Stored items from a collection
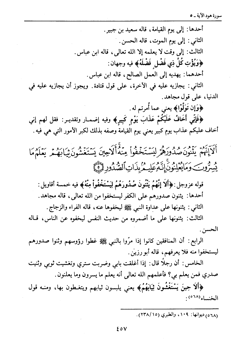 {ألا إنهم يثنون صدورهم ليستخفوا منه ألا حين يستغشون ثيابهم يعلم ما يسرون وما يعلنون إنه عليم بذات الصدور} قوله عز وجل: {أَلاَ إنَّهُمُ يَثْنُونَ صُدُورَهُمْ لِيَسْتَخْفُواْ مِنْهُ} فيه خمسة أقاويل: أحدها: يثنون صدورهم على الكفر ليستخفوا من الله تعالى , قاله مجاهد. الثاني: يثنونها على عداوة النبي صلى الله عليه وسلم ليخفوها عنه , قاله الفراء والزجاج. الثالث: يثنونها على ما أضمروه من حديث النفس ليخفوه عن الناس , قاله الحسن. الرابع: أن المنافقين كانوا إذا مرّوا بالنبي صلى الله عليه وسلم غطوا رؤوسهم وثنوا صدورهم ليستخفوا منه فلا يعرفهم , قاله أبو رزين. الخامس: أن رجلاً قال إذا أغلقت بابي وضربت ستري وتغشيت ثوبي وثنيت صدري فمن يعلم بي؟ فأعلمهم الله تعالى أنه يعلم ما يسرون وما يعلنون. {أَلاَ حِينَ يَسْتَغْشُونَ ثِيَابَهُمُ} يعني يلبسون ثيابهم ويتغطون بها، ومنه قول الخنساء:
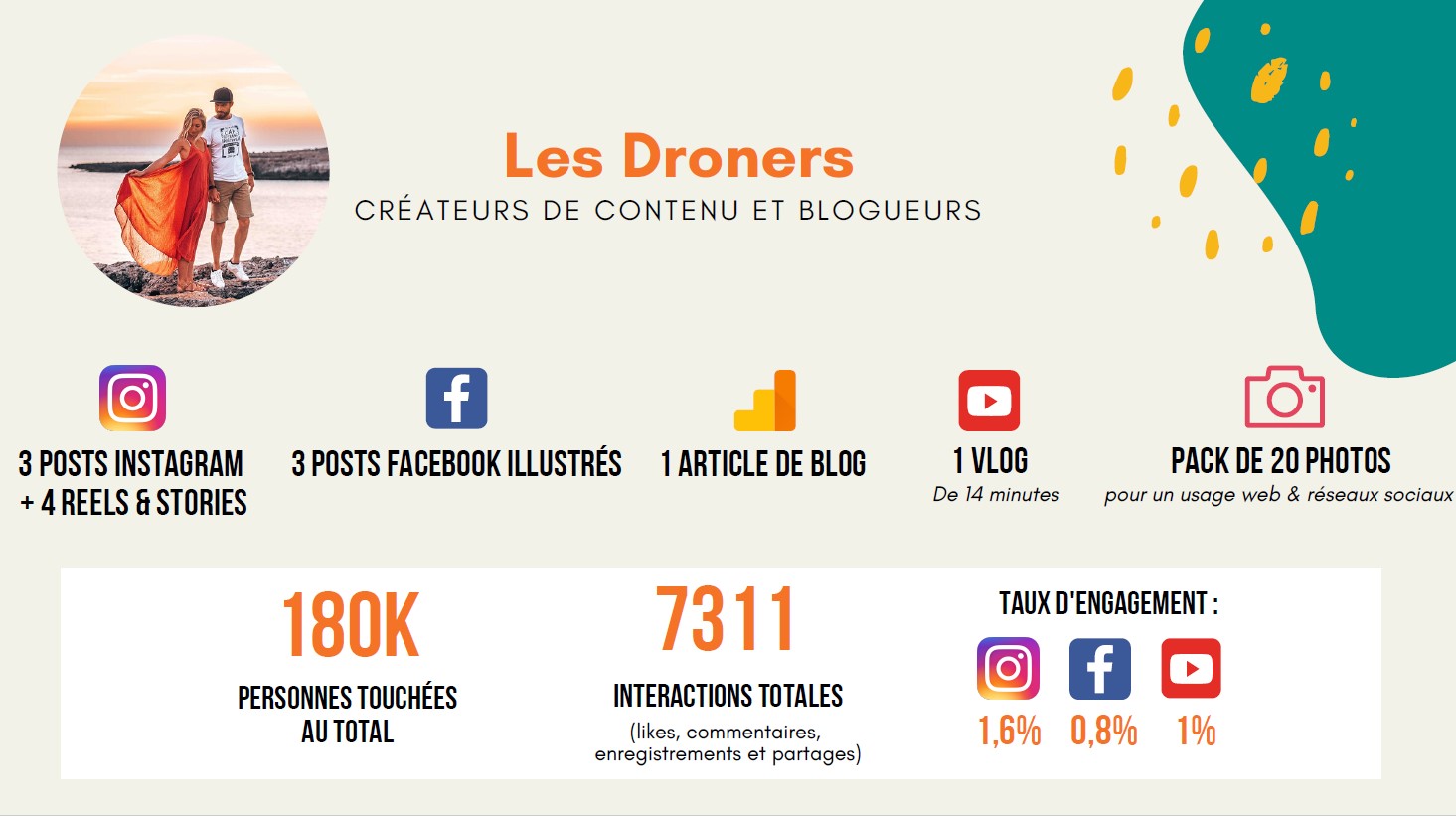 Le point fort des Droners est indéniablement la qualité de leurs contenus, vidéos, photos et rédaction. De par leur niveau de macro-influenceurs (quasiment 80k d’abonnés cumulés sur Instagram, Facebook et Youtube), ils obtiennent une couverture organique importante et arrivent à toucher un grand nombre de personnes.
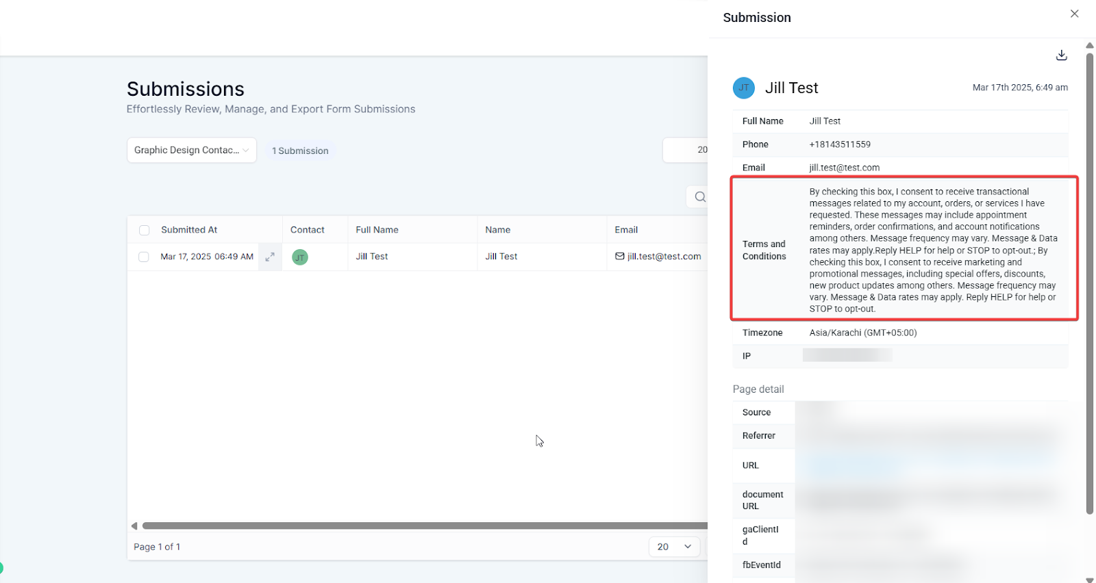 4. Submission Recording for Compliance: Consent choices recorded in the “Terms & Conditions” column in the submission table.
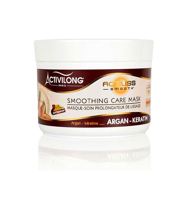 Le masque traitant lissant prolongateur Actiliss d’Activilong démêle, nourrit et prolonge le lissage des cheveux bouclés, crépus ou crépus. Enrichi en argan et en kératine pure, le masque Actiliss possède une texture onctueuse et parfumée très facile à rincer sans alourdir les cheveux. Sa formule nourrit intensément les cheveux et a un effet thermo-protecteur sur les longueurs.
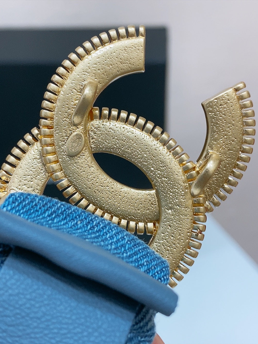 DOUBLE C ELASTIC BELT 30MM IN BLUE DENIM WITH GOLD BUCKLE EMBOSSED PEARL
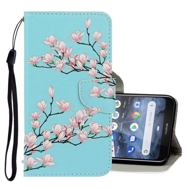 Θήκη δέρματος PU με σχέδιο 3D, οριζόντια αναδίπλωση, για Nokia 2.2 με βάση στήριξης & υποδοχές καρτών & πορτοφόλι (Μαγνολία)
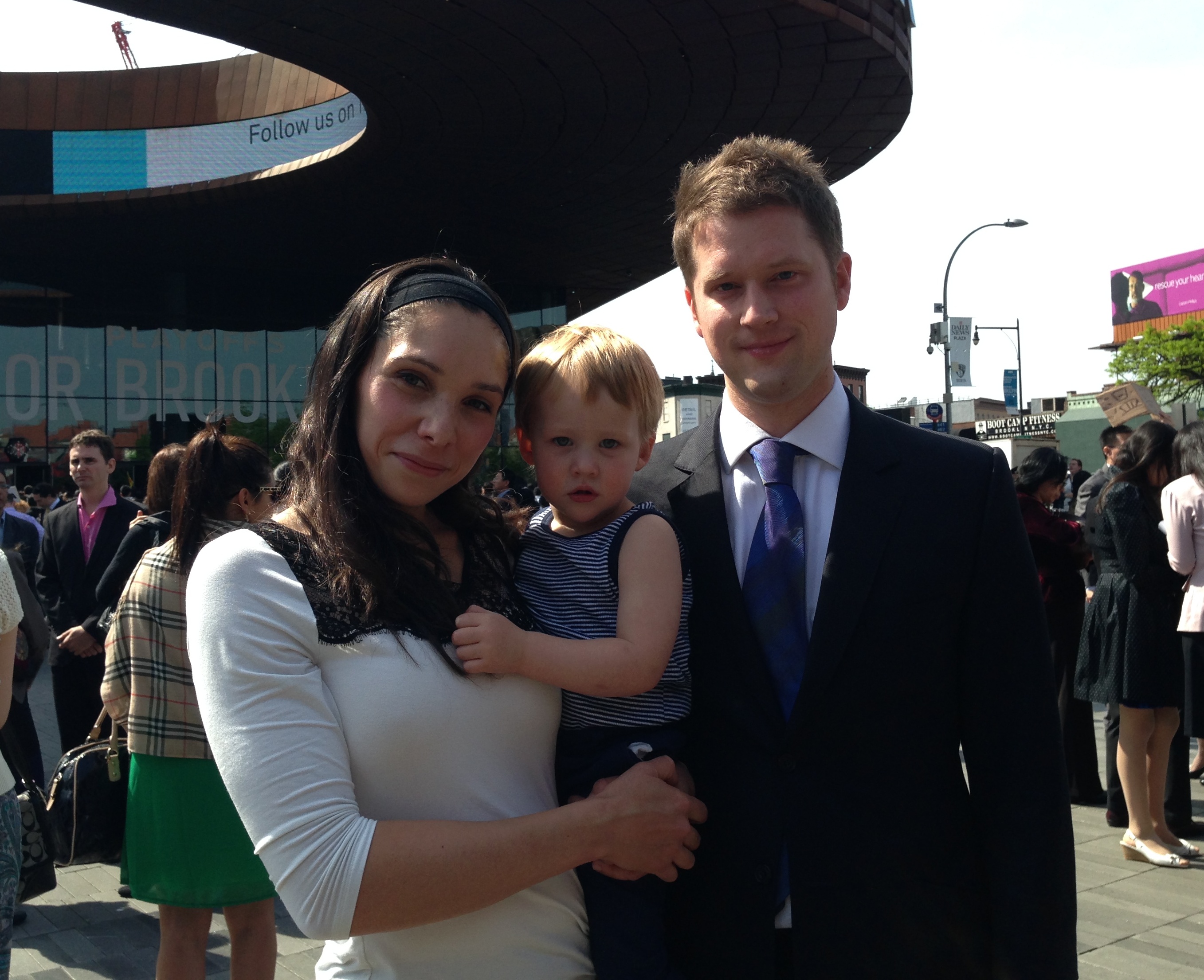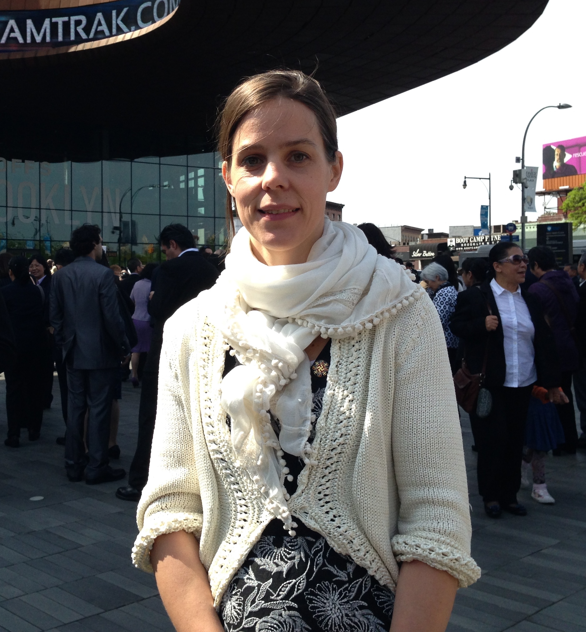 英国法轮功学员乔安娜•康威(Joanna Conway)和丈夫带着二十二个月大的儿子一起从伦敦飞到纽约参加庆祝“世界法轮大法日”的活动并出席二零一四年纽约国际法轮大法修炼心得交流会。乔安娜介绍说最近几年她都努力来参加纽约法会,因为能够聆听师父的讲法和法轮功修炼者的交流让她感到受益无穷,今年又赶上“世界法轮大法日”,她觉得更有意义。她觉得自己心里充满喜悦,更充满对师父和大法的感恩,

* **Aim of the task**:
Leave out the pictures, and write out exactly the lines from the line containing "DOUBLE C ELASTIC" through the end of the records above.

* **Task response**:
 DOUBLE C ELASTIC BELT 30MM IN BLUE DENIM WITH GOLD BUCKLE EMBOSSED PEARL
 Θήκη δέρματος PU με σχέδιο 3D, οριζόντια αναδίπλωση, για Nokia 2.2 με βάση στήριξης & υποδοχές καρτών & πορτοφόλι (Μαγνολία)
 英国法轮功学员乔安娜•康威(Joanna Conway)和丈夫带着二十二个月大的儿子一起从伦敦飞到纽约参加庆祝“世界法轮大法日”的活动并出席二零一四年纽约国际法轮大法修炼心得交流会。乔安娜介绍说最近几年她都努力来参加纽约法会,因为能够聆听师父的讲法和法轮功修炼者的交流让她感到受益无穷,今年又赶上“世界法轮大法日”,她觉得更有意义。她觉得自己心里充满喜悦,更充满对师父和大法的感恩,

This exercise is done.